Harold Lenoir Davis | |
Birth Date: | October 18, 1894 |
Birth Place: | Douglas County, Oregon, U.S. |
Death Place: | San Antonio, Texas, U.S. |
Notableworks: | Honey in the Horn |
Awards: | Pulitzer Prize Guggenheim Fellowship |
Harold Lenoir Davis (October 18, 1894 - October 31, 1960), also known as H. L. Davis, was an American novelist and poet. A native of Oregon, he won the Pulitzer Prize for his novel Honey in the Horn, the only Pulitzer Prize for Literature given to a native Oregonian.[1] [2] Later living in California and Texas, he also wrote short stories for magazines such as The Saturday Evening Post.
Davis was born in Nonpareil, Douglas County, Oregon, in the Umpqua River Valley, and lived in Roseburg in his early years.[3] His father was a teacher and the family moved frequently as he took up different teaching positions. They moved to Antelope, Oregon in 1906, and two years later they were in The Dalles, where his father was now a principal.[3] In 1912 Davis graduated from high school there. He held various short-term jobs, with the county, with Pacific Power and Light, and in a local bank. He also worked as a railroad timekeeper and with a survey party near Mount Adams.
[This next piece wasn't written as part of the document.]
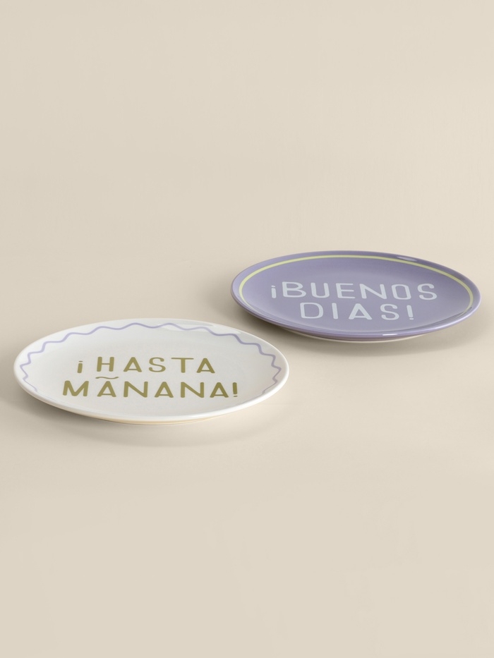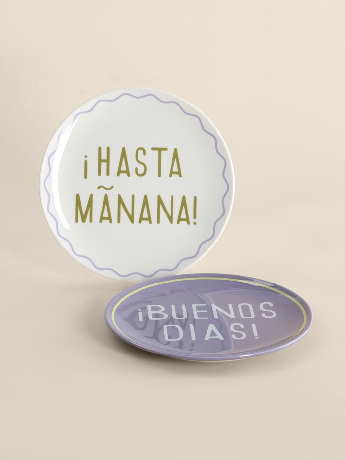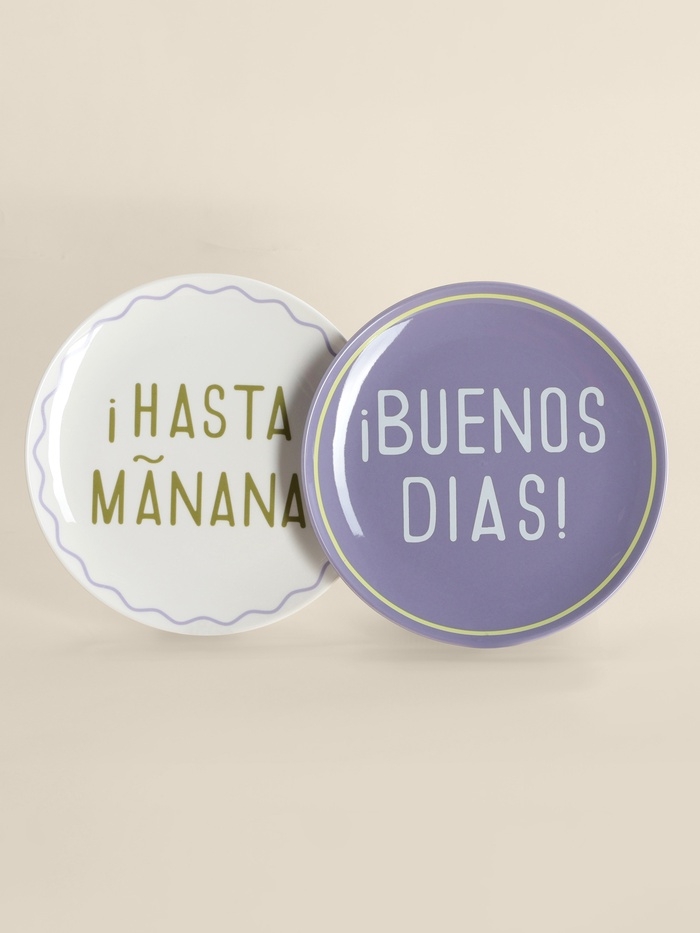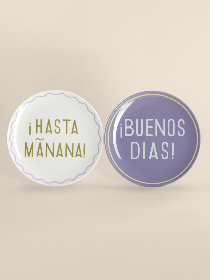 Тарелки SL Home «Уроки испанского: ¡Hasta mañana - Buenos dias», d=22 см, набор 2 шт., фарфор, белые, фиолетовые
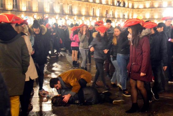 Lo peor de todo es que luego la culpa y la mala fama se la llevaran los universitarios de la universidad de Salamanca cuando posiblemente sea la minoria, la gran mayoria son personas de todas partes de España e incluso los mas probable es que ni si quieran sean universitarios que vienen como si esto fuese una fiesta de pueblo y una romeria a liarla, dejando en evidencia a la universidad de Salamanca.

His first poems were published in April 1919 in Poetry, edited by Harriet Monroe. These were eleven poems published together under the title Primapara. Later that year they won the magazine's Levinson Prize, worth $200. Davis also received a letter of praise from poet Carl Sandburg. Davis continued to publish poems in the magazine throughout the 1920s, and also sold some poems to H. L. Mencken's The American Mercury. Mencken encouraged him to begin writing prose.
In 1926, Davis and James Stevens privately published a small booklet, Status Rerum: A Manifesto Upon the Present Condition of Northwest Literature. Although only a few copies were printed, the booklet attracted notice because of its bluntness and invective against the local literary scene of Portland. Robinson Jeffers memorably described the pamphlet as a "rather grimly powerful wheel to break butterflies on."[4]
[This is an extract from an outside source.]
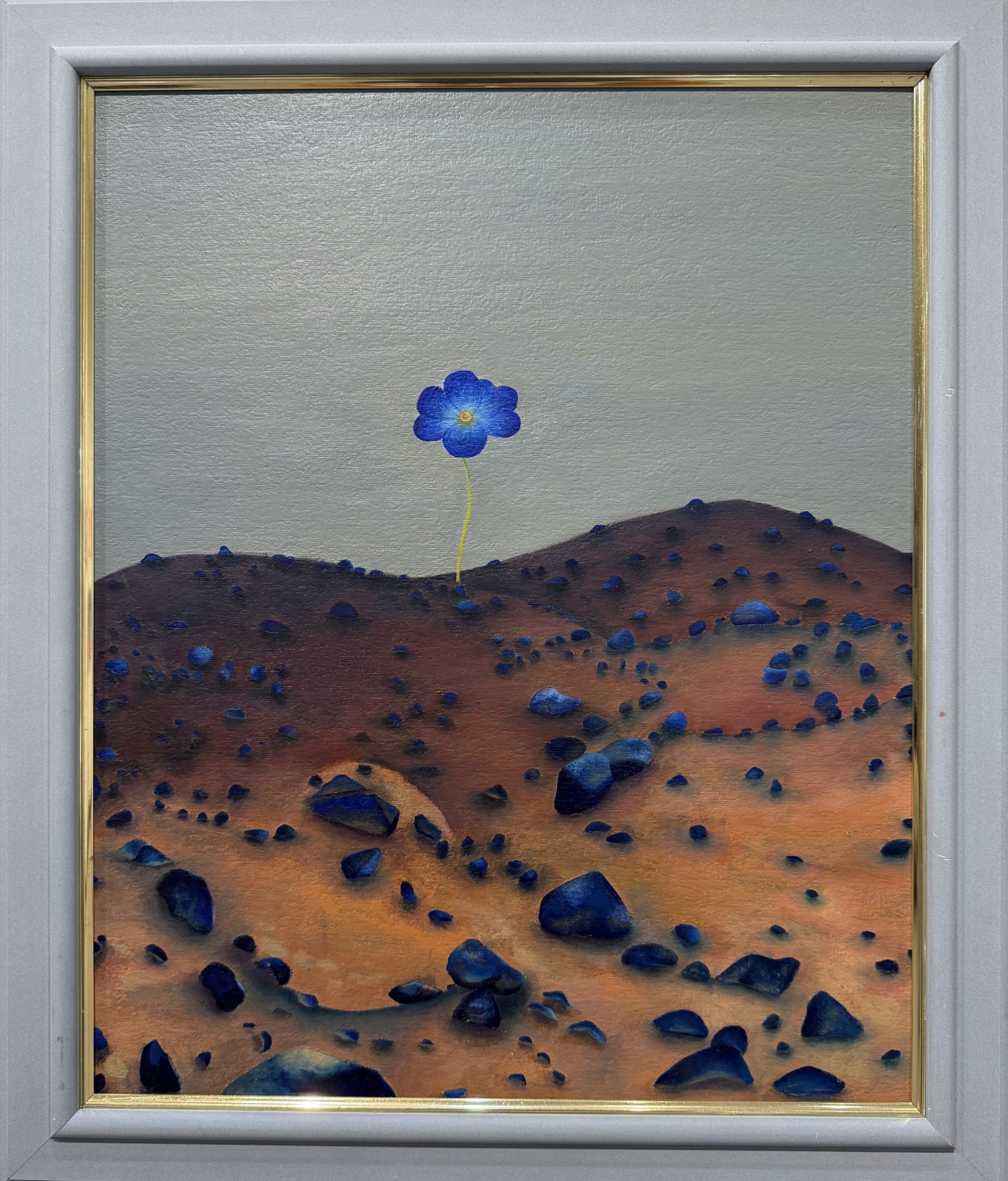 額縁も絵にぴったり。荒れ果てた地にお花が一輪だけ咲いてて、希望も絶望も感じますね。けんしママより

Together with his new wife, the former Marion Lay of The Dalles, Davis moved to Seattle in August 1928. There he increased his literary efforts. His first published prose began appearing in The American Mercury in 1929. These were picturesque but hardly complimentary sketches of The Dalles and Eastern Oregon. One of the first was entitled "A Town in Eastern Oregon", a historical sketch of The Dalles. It caused quite a controversy in the region for its irreverence.
In 1932, Davis was awarded a Guggenheim Fellowship. The award allowed him to move to Jalisco, Mexico, where he lived for two years, concentrating on his writing. There he completed the novel Honey in the Horn, about southern Oregon pioneer life. It is a coming-of-age tale set in the early twentieth century. This novel received the Harper Prize for best first novel of 1935, together with a $7,500 cash award. It was well reviewed by writers such as Robert Penn Warren, although New Yorker critic Clifton Fadiman did not like it. The following spring the book won the Pulitzer Prize, and is the only Pulitzer Prize ever awarded to an Oregon born author.[3] Davis did not go to New York to receive the Pulitzer in person, saying he did not want to put himself on exhibit.
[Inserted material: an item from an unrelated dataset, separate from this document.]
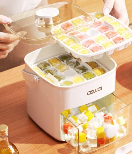 Compact Ice Cube Tray with Lid and Bin

The Davises bought a small ranch near Napa, California currently owned by Aaron and Claire Pott and is the estate vineyard known as Châteauneuf du Pott. There Davis wrote short stories as his primary source of income, publishing them in such magazines as Collier's and The Saturday Evening Post. He continued to work on novels. His second novel, Harp of a Thousand Strings, appeared in 1941. The long interval from his Pulitzer-winning first novel meant that his second did not receive the notice it would have earlier. In fact, although Davis continued to improve as a writer, none of his later efforts received the attention of Honey in the Horn.
Davis was also undergoing crises in his life. He was divorced in 1943. He also changed publishers, from Harper & Brothers to William Morrow & Company, apparently because of a long-running dispute over royalty payments.
Over the next ten years, he published three more novels and a collection of earlier short stories. His fourth novel, Winds of Morning, was well received and became a Book of the Month Club selection. In 1953 he remarried, to Elizabeth Martin del Campo. As a result of arteriosclerosis, his left leg was amputated. He suffered chronic pain, but continued to write. In 1960 he died of a heart attack in San Antonio, Texas.[3]
Although often considered a regional novelist, Davis rejected that evaluation. He undoubtedly used regional themes, but contended that he did so in the service of the universal. Influences on his work can be found in a wide range of American and European literature. His prose is considered wry, ironic, and cryptic. His stories are realistic, without the romantic stereotypes expected of "Western" fiction. The landscape is a major component of his novels.